CN114754228B

CN114754228B - Creeping differential multi-mode pipeline robot

Info

Publication number: CN114754228B
Application number: CN202210659284.XA
Authority: CN
Inventors: 李雨佳; 戚耀威; 任涛; 李俊霖; 高晨曦; 张文睿
Original assignee: Southwest Petroleum University
Current assignee: Southwest Petroleum University
Priority date: 2022-06-13
Filing date: 2022-06-13
Publication date: 2022-08-23
Anticipated expiration: 2042-06-13
Also published as: LU502961B1; CN114754228A

Abstract

The invention discloses a peristaltic differential multi-mode pipeline robot, which comprises three parts: a front body, a middle body, and a back body. The same reducing support module is connected to the side of preceding main part and back main part, and the reducing supports the module and includes support, initiative face gear, driven face gear, pinion, lead screw and strutting arrangement, realizes the switching of robot support mode and wheel mode through half clutch A and half clutch B, through the angle of adjustment strutting arrangement, can make the robot realize the switching of spiral mode. Preceding main part and back main part have the same structure, and inside all contains two racks, and the midbody contains the drive gear that pairs mutually with the rack, realizes the wriggling of robot through rack and pinion.
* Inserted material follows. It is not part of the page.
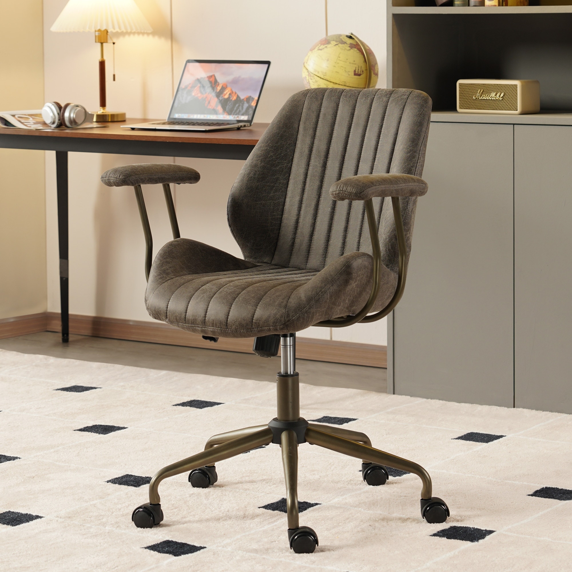 XIZZI Vintage Suede Fabric Office Chair with Armrests and Swivel Base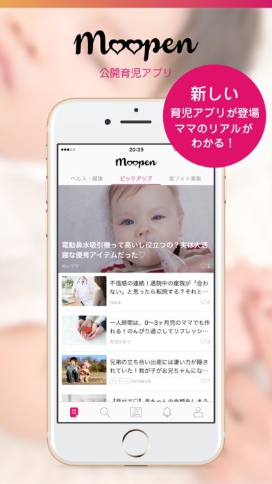 モープン 妊娠~子育て体験談を記事と写真で楽しめる投稿アプリのスクリーンショット

The invention has the advantages of simple structure, multimode driving and rapid operation, can be suitable for more pipelines with complex shapes and different pipe diameters, greatly improves the working efficiency and reduces the manufacturing cost.

Description

Creeping differential multi-mode pipeline robot

Technical Field

The invention belongs to the technical field of robots, and particularly relates to a peristaltic differential multi-mode pipeline robot.

Background

The pipeline is widely applied to the fields of petroleum and natural gas industry, urban sewage systems, semiconductor manufacturing plants and the like, and provides low-cost transportation for materials such as petroleum, natural gas, sewage and the like. However, the pipe is susceptible to defects such as breakage, deformation, surface damage, and the like due to long-term use, chemical corrosion, material deterioration, external disturbance, and the like. The leakage of the pipeline can cause the problems of supply fluctuation, resource waste, environmental pollution and the like, even can cause the consequences of explosion and the like, and seriously endangers the personal and property safety. Therefore, from a safety and cost perspective, the pipes need to be inspected, cleaned, and maintained periodically. The structure of the existing pipeline robot is complex, the trafficability characteristic at the turning part of a T-shaped pipe, a cross pipe and other complex pipelines is poor, and the robot can only move under the pipe diameter within a certain range.

Disclosure of Invention

The invention overcomes the defects of the prior art, provides a peristaltic differential multi-mode pipeline robot, can realize autonomous steering, has multiple modes, and can move in pipelines with more pipe diameters and stably travel for long distance.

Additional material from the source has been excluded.